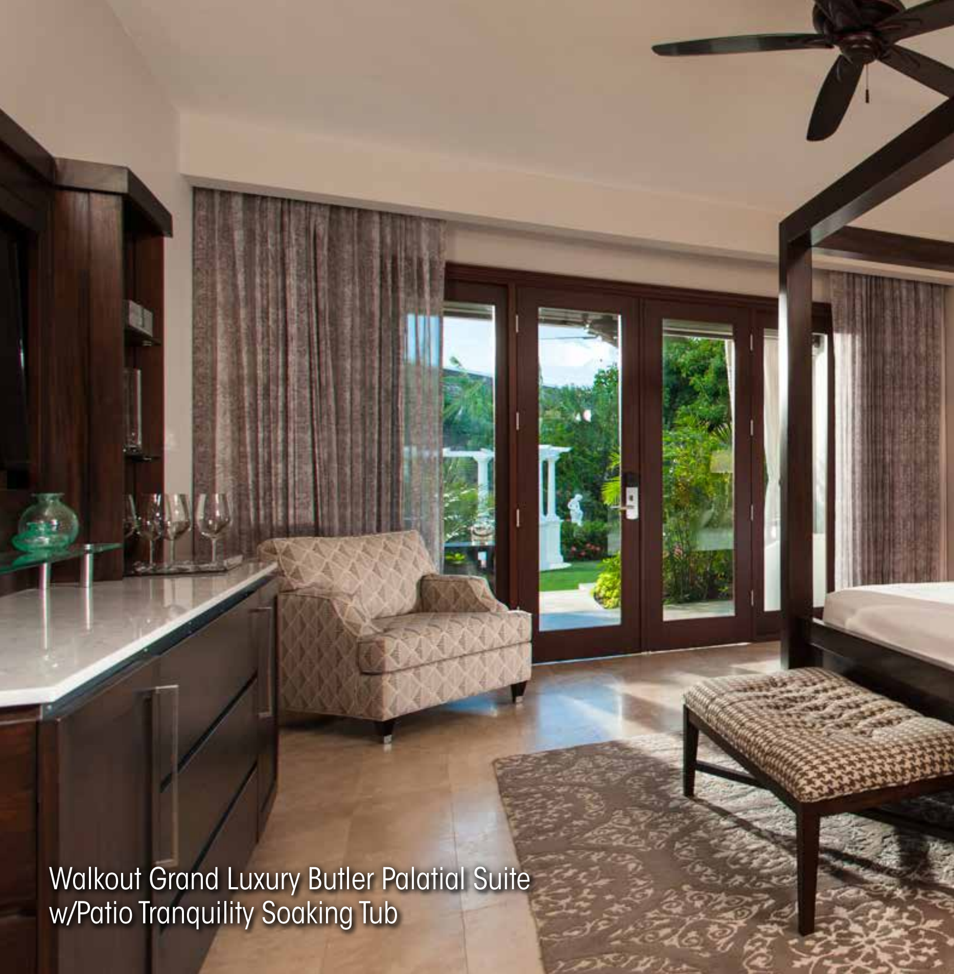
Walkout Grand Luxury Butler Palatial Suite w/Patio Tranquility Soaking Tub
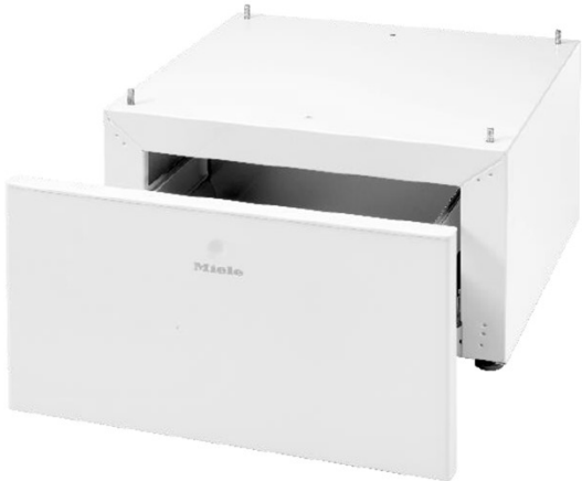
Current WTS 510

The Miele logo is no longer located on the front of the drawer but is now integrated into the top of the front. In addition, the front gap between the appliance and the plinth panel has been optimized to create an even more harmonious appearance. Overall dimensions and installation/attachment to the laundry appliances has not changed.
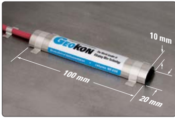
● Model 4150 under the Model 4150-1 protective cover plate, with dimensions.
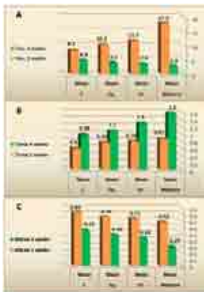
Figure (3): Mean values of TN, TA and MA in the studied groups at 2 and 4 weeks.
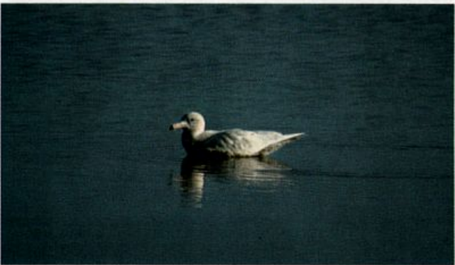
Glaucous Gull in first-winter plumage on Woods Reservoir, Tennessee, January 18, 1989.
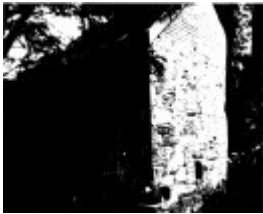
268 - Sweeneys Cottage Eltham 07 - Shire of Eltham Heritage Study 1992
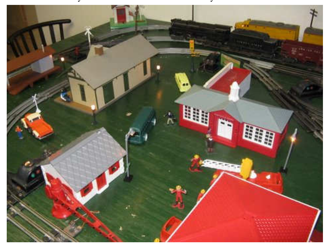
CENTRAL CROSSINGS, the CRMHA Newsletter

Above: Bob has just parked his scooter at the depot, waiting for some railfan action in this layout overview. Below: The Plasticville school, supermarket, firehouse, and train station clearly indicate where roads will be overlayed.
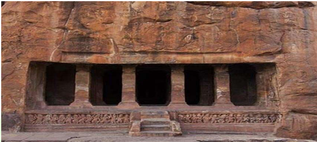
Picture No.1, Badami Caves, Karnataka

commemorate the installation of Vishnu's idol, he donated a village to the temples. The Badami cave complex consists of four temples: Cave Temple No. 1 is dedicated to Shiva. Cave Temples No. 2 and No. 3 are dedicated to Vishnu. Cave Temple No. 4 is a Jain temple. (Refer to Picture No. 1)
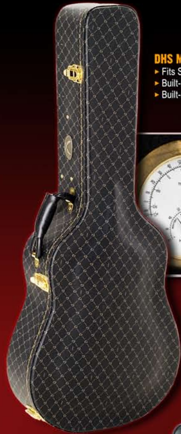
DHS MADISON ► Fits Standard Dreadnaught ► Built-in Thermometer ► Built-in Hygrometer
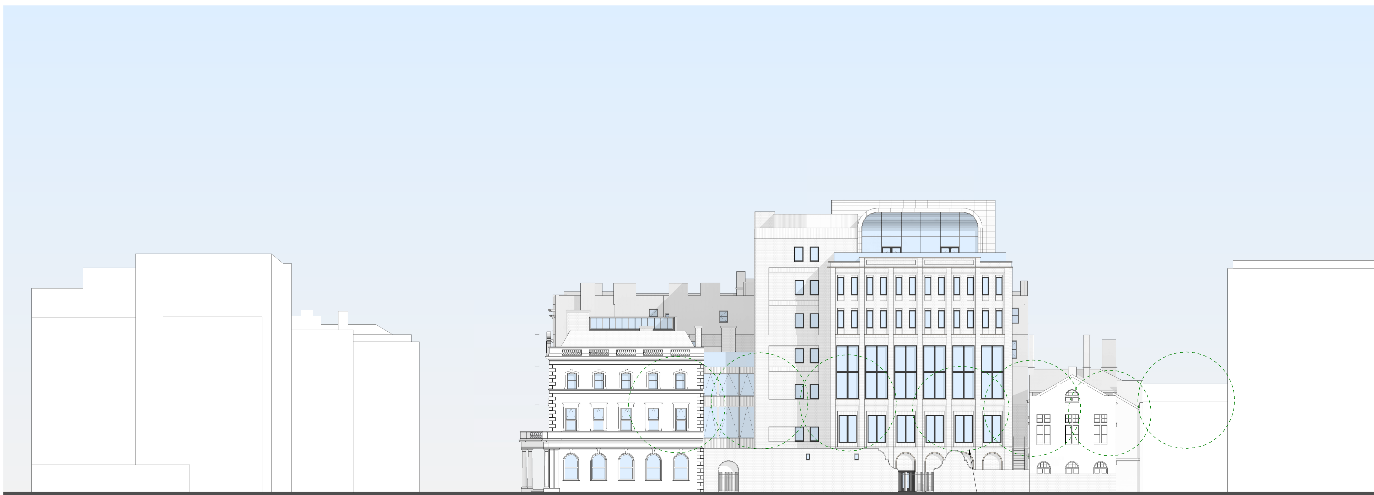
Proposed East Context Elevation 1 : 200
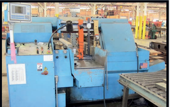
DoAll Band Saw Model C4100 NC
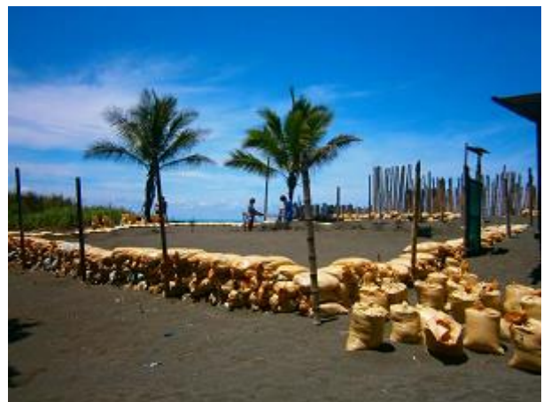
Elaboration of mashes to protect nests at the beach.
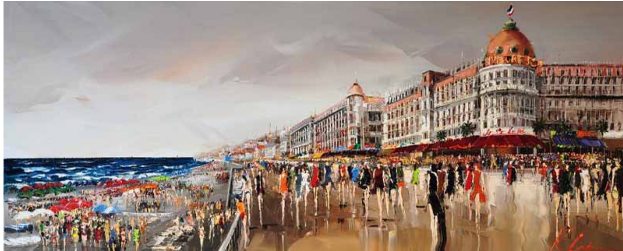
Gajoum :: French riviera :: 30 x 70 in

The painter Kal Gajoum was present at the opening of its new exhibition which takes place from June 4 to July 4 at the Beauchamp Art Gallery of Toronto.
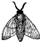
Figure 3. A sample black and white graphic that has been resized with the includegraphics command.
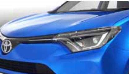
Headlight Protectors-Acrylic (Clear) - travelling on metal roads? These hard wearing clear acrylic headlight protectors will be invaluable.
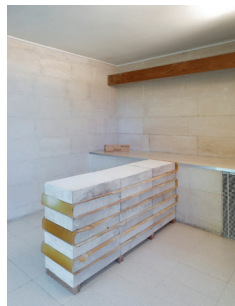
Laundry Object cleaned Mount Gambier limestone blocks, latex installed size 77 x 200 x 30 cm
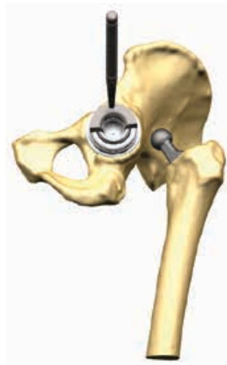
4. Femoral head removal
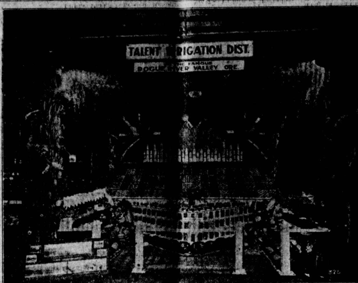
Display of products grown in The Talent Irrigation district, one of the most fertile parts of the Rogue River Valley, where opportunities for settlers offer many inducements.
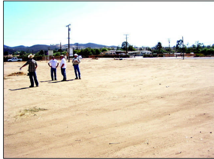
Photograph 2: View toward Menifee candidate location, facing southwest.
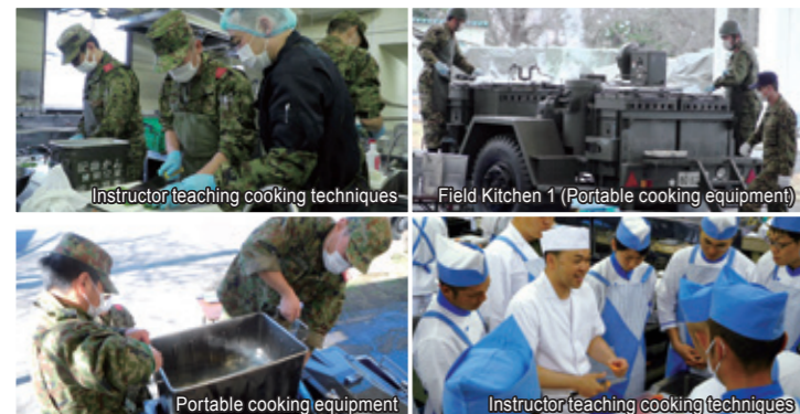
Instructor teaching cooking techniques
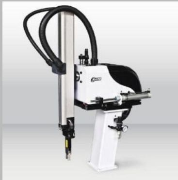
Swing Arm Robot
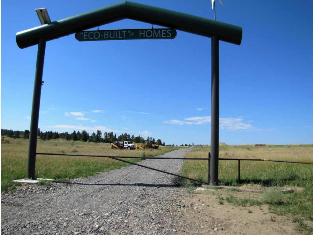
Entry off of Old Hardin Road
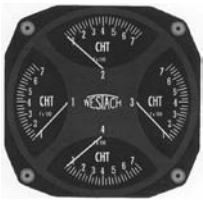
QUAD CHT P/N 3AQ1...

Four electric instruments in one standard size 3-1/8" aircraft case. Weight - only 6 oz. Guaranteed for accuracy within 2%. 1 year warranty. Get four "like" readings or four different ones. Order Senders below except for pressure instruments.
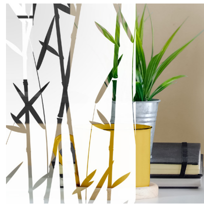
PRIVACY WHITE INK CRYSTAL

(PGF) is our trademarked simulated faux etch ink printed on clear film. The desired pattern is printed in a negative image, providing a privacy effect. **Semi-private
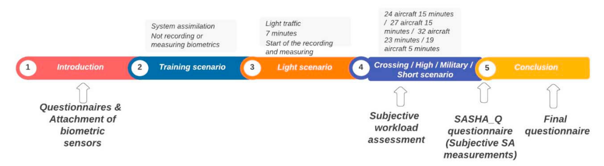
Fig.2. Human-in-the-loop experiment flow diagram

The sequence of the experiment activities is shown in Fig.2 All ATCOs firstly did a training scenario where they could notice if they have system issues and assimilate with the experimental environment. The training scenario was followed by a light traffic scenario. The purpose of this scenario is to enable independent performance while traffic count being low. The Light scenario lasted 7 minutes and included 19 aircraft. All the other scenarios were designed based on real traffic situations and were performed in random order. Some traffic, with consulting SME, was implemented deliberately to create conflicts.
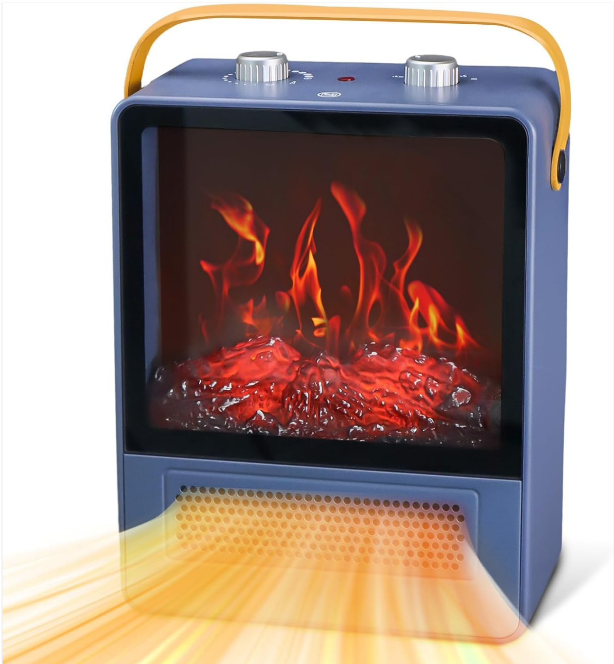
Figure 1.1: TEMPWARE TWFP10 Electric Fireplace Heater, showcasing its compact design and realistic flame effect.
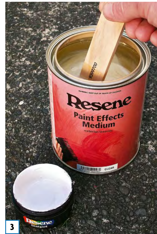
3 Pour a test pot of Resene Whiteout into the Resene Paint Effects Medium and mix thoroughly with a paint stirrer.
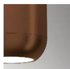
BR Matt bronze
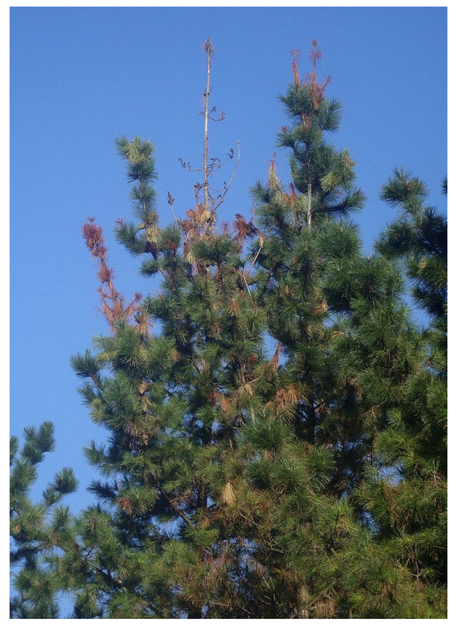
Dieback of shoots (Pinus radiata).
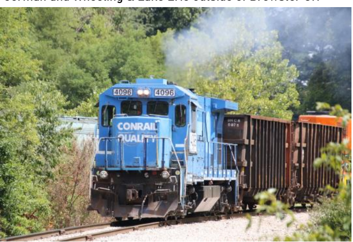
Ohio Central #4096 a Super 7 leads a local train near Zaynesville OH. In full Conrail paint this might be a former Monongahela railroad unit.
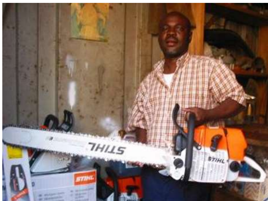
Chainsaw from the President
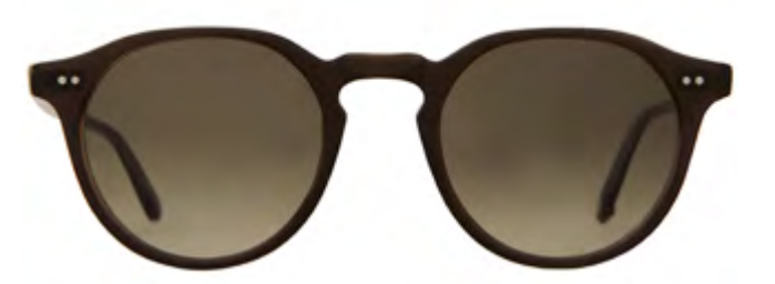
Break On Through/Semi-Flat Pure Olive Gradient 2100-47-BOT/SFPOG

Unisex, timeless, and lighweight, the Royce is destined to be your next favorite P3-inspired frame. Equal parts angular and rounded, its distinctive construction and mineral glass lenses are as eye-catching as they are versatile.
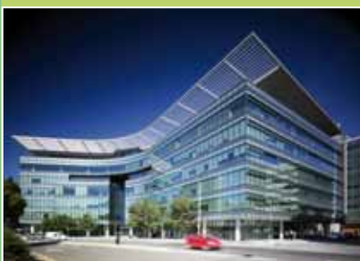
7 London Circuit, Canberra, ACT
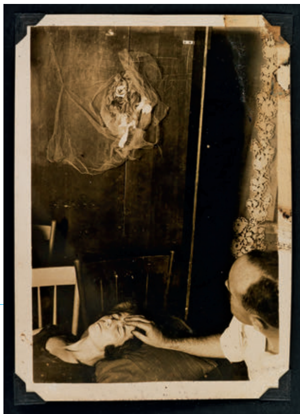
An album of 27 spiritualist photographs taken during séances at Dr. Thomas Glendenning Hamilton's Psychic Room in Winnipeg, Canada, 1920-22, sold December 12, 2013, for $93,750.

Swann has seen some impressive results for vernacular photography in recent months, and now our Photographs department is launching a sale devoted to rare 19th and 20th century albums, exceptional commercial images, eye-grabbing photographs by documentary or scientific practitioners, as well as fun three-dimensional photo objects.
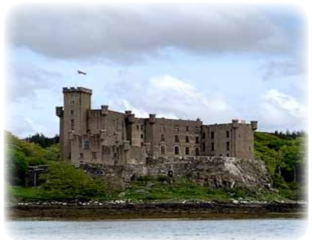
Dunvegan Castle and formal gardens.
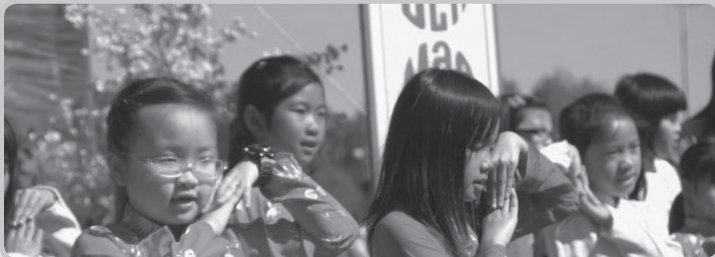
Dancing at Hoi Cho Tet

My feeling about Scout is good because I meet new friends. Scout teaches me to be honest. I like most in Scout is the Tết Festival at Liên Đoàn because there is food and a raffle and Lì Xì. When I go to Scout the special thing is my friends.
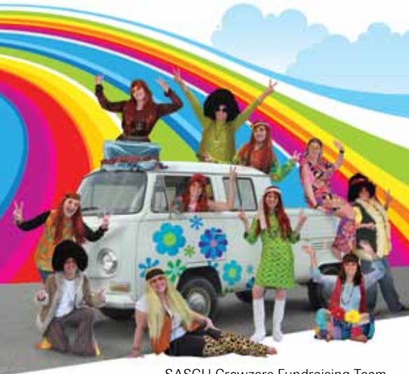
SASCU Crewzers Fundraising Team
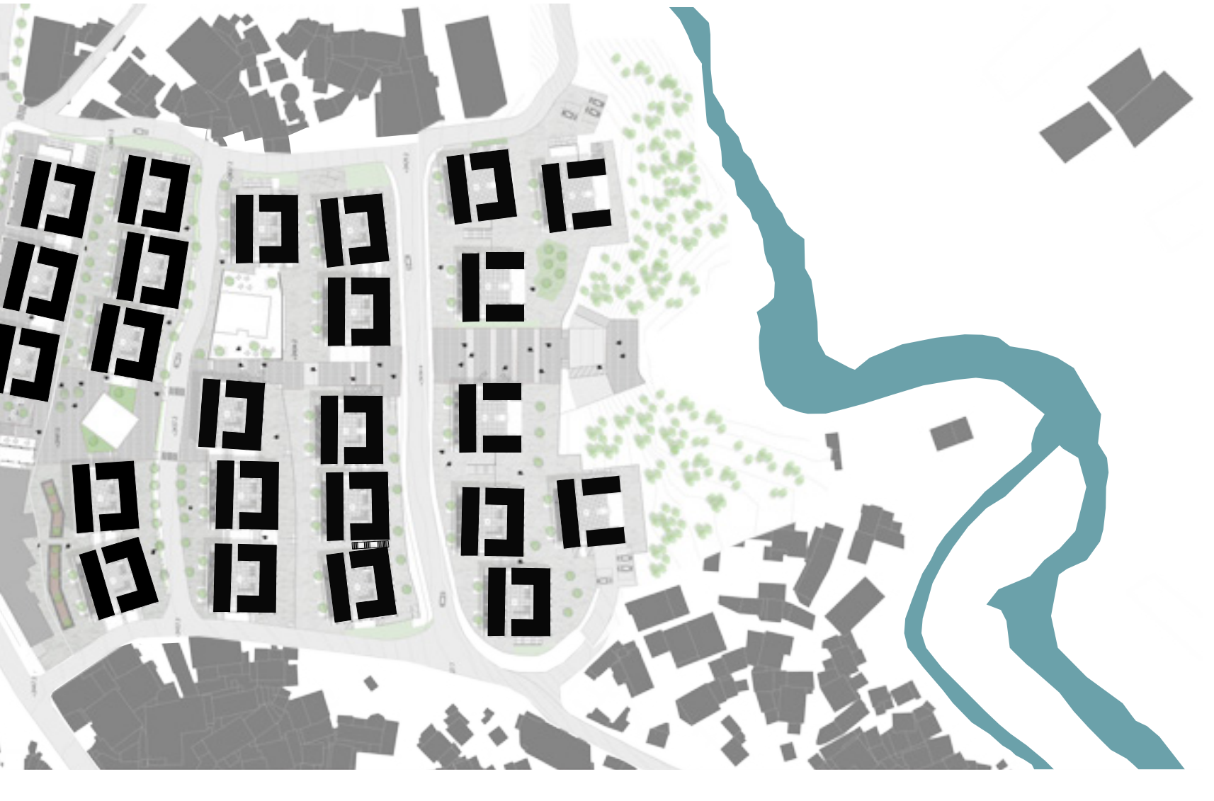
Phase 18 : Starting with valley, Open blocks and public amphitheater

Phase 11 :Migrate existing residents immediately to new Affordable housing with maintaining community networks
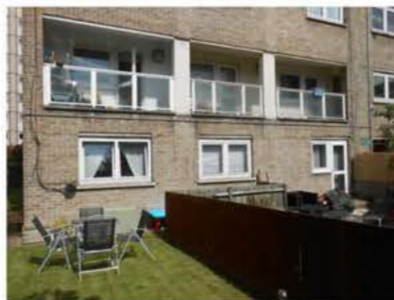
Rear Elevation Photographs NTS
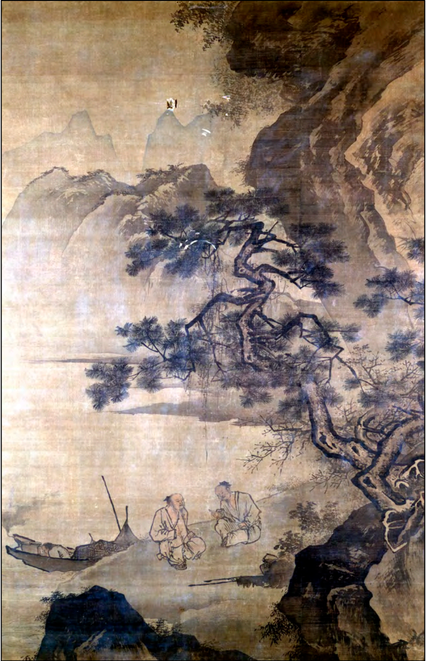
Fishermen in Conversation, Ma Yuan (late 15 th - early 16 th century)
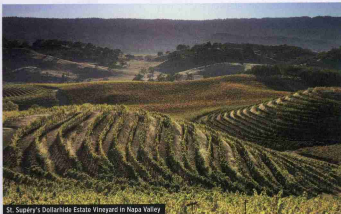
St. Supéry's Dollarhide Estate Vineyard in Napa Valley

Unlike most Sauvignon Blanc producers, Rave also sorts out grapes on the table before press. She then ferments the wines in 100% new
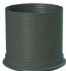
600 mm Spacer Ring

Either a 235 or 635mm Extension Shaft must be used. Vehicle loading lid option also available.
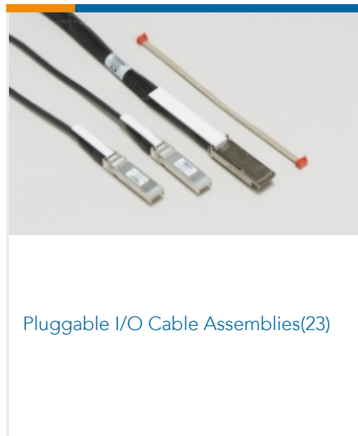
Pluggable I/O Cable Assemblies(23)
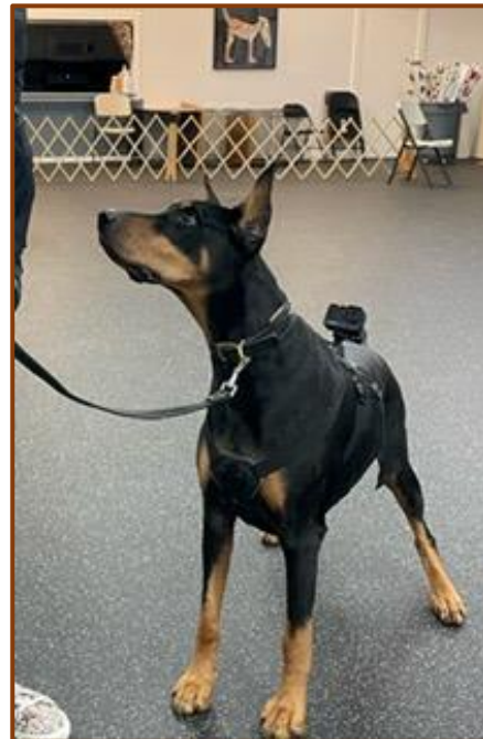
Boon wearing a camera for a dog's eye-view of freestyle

****************

__What is expected__:
Beginning at the first line of the listing, print each line exactly until and including the one that has "Display of products"; skip pictures.

__Response__:
Walkout Grand Luxury Butler Palatial Suite w/Patio Tranquility Soaking Tub
Current WTS 510

The Miele logo is no longer located on the front of the drawer but is now integrated into the top of the front. In addition, the front gap between the appliance and the plinth panel has been optimized to create an even more harmonious appearance. Overall dimensions and installation/attachment to the laundry appliances has not changed.
● Model 4150 under the Model 4150-1 protective cover plate, with dimensions.
Figure (3): Mean values of TN, TA and MA in the studied groups at 2 and 4 weeks.
Glaucous Gull in first-winter plumage on Woods Reservoir, Tennessee, January 18, 1989.
268 - Sweeneys Cottage Eltham 07 - Shire of Eltham Heritage Study 1992
CENTRAL CROSSINGS, the CRMHA Newsletter

Above: Bob has just parked his scooter at the depot, waiting for some railfan action in this layout overview. Below: The Plasticville school, supermarket, firehouse, and train station clearly indicate where roads will be overlayed.
Picture No.1, Badami Caves, Karnataka

commemorate the installation of Vishnu's idol, he donated a village to the temples. The Badami cave complex consists of four temples: Cave Temple No. 1 is dedicated to Shiva. Cave Temples No. 2 and No. 3 are dedicated to Vishnu. Cave Temple No. 4 is a Jain temple. (Refer to Picture No. 1)
DHS MADISON ► Fits Standard Dreadnaught ► Built-in Thermometer ► Built-in Hygrometer
Proposed East Context Elevation 1 : 200
DoAll Band Saw Model C4100 NC
Elaboration of mashes to protect nests at the beach.
Gajoum :: French riviera :: 30 x 70 in

The painter Kal Gajoum was present at the opening of its new exhibition which takes place from June 4 to July 4 at the Beauchamp Art Gallery of Toronto.
Figure 3. A sample black and white graphic that has been resized with the includegraphics command.
Headlight Protectors-Acrylic (Clear) - travelling on metal roads? These hard wearing clear acrylic headlight protectors will be invaluable.
Laundry Object cleaned Mount Gambier limestone blocks, latex installed size 77 x 200 x 30 cm
4. Femoral head removal
Display of products grown in The Talent Irrigation district, one of the most fertile parts of the Rogue River Valley, where opportunities for settlers offer many inducements.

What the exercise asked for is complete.